Ethical support means helping the client present accurate facts and evidence. It does not mean influencing an insurer’s underwriting decision. When in doubt, document what you did and why, and keep the client in control of their final answers.
Get Started
If you want a clear, compliance-safe process for supporting medical questionnaires – including secure document handling and clear role boundaries – BIG can support you as a broker/partner.
- Operational support: structured intake, document checklists and timeline management – so submissions are complete and traceable.
- Communication support: we help you explain outcomes and next steps clearly, without implying any influence over insurer decisions.
- Support for existing cover: if a client already has a policy, we can help you review terms and renewal considerations before changes are made.
Start here: Brokers & Partners • For existing policies: Already Covered (Review my existing policy)
Further reading
Points to verify
The details in this guide are general. Always verify the following points, which can vary by jurisdiction, insurer or policy:
- Disclosure standards: time look-back periods and definitions of “material facts” differ.

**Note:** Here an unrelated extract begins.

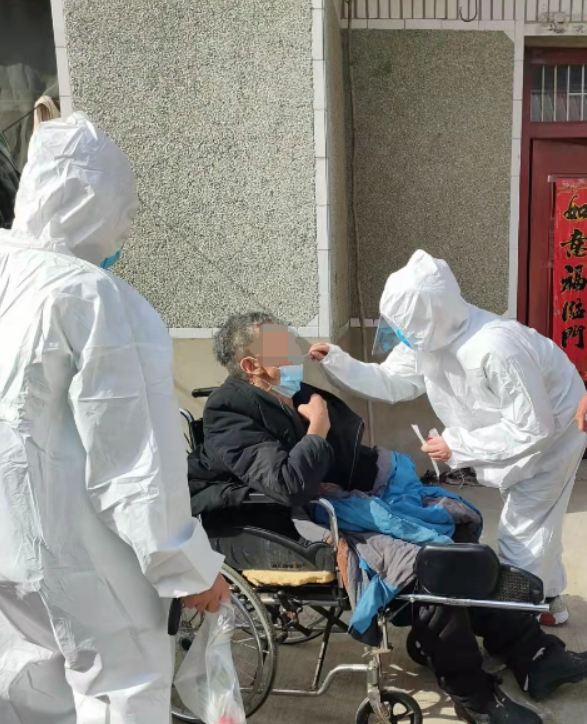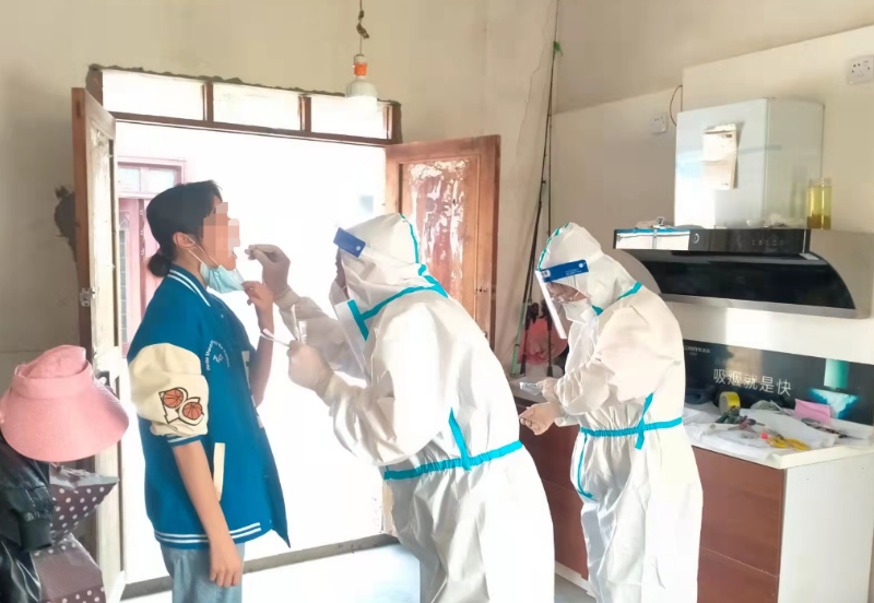 采样台前,妈妈负责居民身份信息核对、登记与录入,女儿的任务是对受检者进行咽拭子采集。因为是全员筛查,任务量较大,一个村的样本采集完成前,饭不能吃,水不能喝,厕所也不能上,一站就站四五个小时。农村以留守老人和儿童居多,没有预检码、忘带身份证,孩子哭闹不配合......种种突发状况使采样时间总在延长。20多度的室外环境,密不透风的防护服,不出一个小时,衣服便已汗透了。采样点采样结束,母女俩又进村入户,为重度残疾人等特殊群体上门采样,谁也不说苦不叫累,认真仔细做好每一名群众的登记及采样工作。

Some questionnaires ask about the last five years; others include lifetime questions.
- Underwriting approach: full medical underwriting, moratorium underwriting and hybrid models have different disclosure and evidence requirements.

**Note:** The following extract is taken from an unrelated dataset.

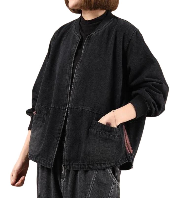 ジャケット レディース デニムジャケット 立襟 韓国 ファッション カジュアル 羽織り アウター 綿 ブラック
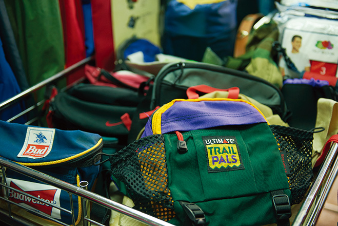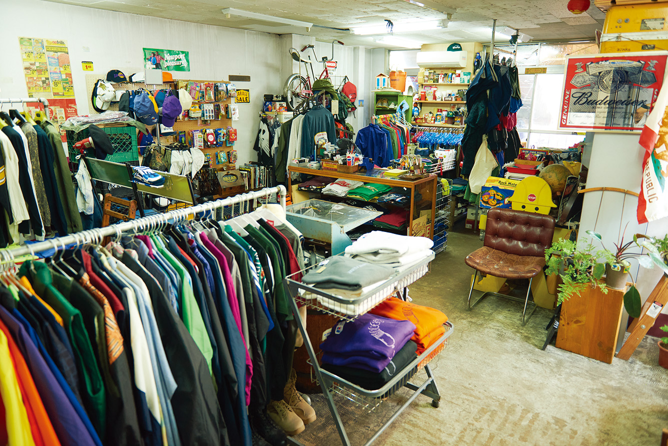 ナイスグラフィックなスケートTシャツやサイクリングシャツといった古着をはじめ、フィギュアにフィルムカメラ、はたまたラジコンまで。アメリカの少年のおもちゃ箱をひっくり返したような、賑やかさがこの店の真骨頂。「カリフォルニアに住んでいた3年間で集めたアイテムを中心に並べてます」と語るのは、店主のケイタさん。箱の中にパッカブル仕様のウェアがどっさり入っていたり、ラックの下にはまだまだTシャツの山があったり、遊び心満点のキーホルダーなどが所狭しと並んだり、どこを見ても飽きがこない。というか、見終われる気がしない……。

- Translation requirements: whether medical documents must be certified, and which language is acceptable.
- Secure transmission and retention: accepted methods for sharing medical data and typical retention periods.
- Pre-existing condition definitions: policies define “pre-existing condition” differently. Check wording to understand how symptoms, diagnoses and treatment are treated.
- Turnaround times: underwriting timelines vary; service-level guarantees are unusual.
- Escalation paths: procedures for reviews, appeals and complaints.